Karzai passa por cima do fato de que as madrassas (as escolas religiosas) são tidas como centro de doutrinação extremista.
Para ele, a doutrinação é também culpa de estrangeiros. Primeiro, dos países ocidentais, que estimularam jovens afegãos (e de outros países) a combater a invasão da União Soviética, como parte do jogo de poder durante a Guerra Fria.
Depois, veio o "uso político do extremismo" por parte dos "países vizinhos", ou seja, pelo Paquistão.
Por isso mesmo, Karzai conversou ontem com seu colega paquistanês, Pervez Musharraf, e saiu relativamente otimista. "Encontrei um reconhecimento mais claro dos problemas que temos nos dois países e uma disposição para combater o crescimento do extremismo e do terrorismo no Paquistão."
O afegão acrescenta: "Se o Paquistão der um passo, o Afeganistão dará muitos mais".

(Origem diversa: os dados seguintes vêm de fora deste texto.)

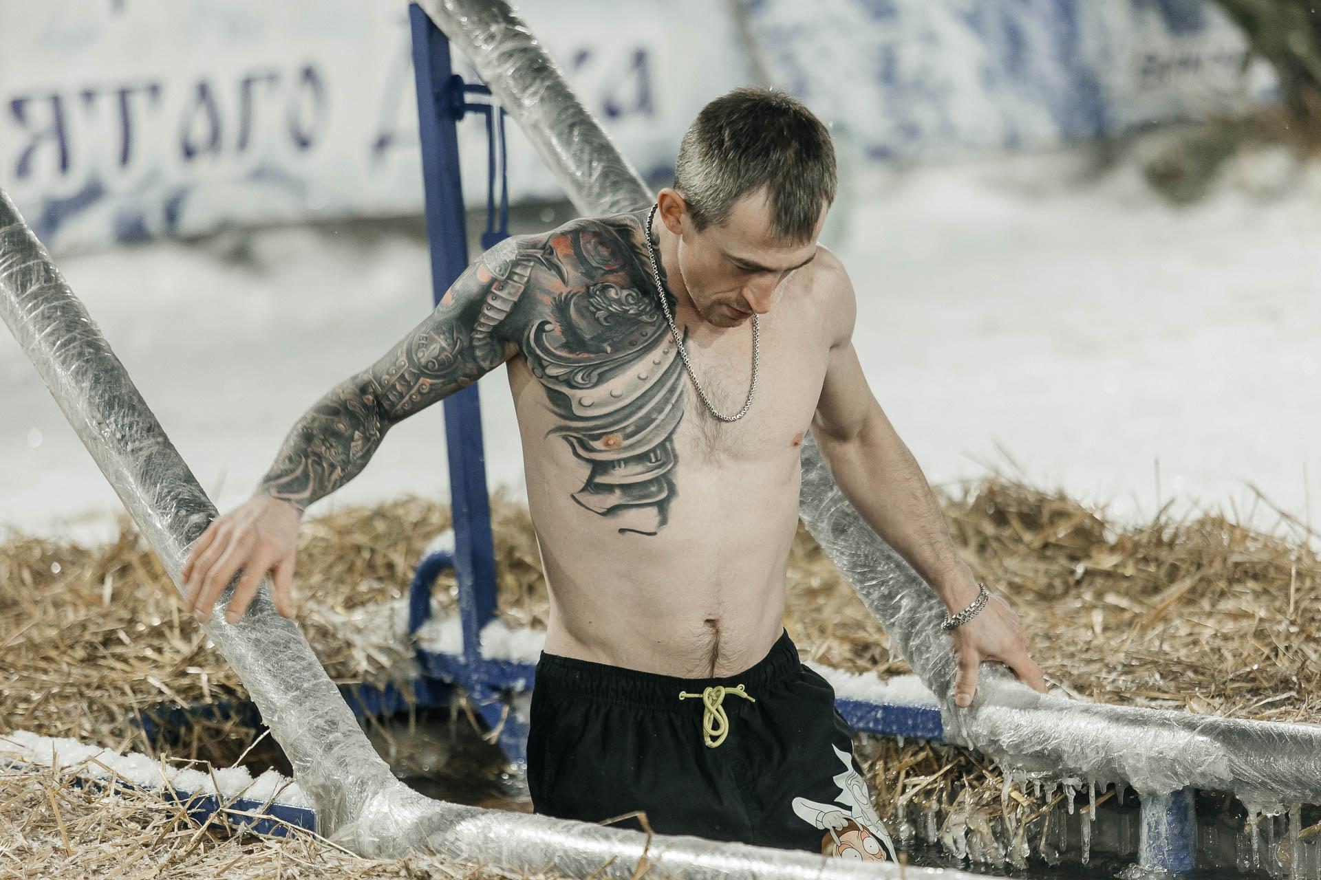 Морозная погода не стала препятствием для тюменцев. Раздевшись, они задерживали дыхание и погружались в ледяную воду. Во время этого обряда становились видны различные татуировки. Значение этих изображений отличается: одни придают им глубокий смысл, для других это просто декоративные элементы.

A sua obsessão com o vizinho leva-o a insinuar que Osama bin Laden, que ele chama de "criminoso número 1 do mundo", pode estar escondido no Paquistão. "Ele está onde pode se esconder para sempre", diz.

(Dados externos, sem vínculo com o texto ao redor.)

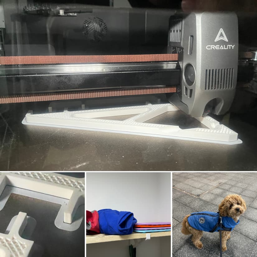 Just showing off. I had a great experience printing engineering-grade materials on my Creality K2 Plus and now on the K2 Pro. PC-ABS can be stubborn to stay on the bed, and warping is a real issue. A heated print bed, heated chamber, and high-temperature extruder make it possible. In the image, the K2 Pro is printing modified Joel Telling shelf brackets. Now we have a nice shelf for Teddy’s

Mas emenda: "Algum dia, vamos pegá-lo".
A confiança de Karzai faz com que ele descreva um país que não aparece em nenhuma mídia do planeta, um país "em que há mais alegria que tristezas, em que as pessoas se casam e festejam, saem e festejam". Um país em que há 3.000 jornais só na capital, Cabul, em que há 14 emissoras privadas de televisão, um país que "voltou a ser o lar de todos os afegãos", em alusão ao retorno dos refugiados da guerra civil e do governo do Taleban, que chegaram a ser 5 milhões, de uma população total de 30 milhões.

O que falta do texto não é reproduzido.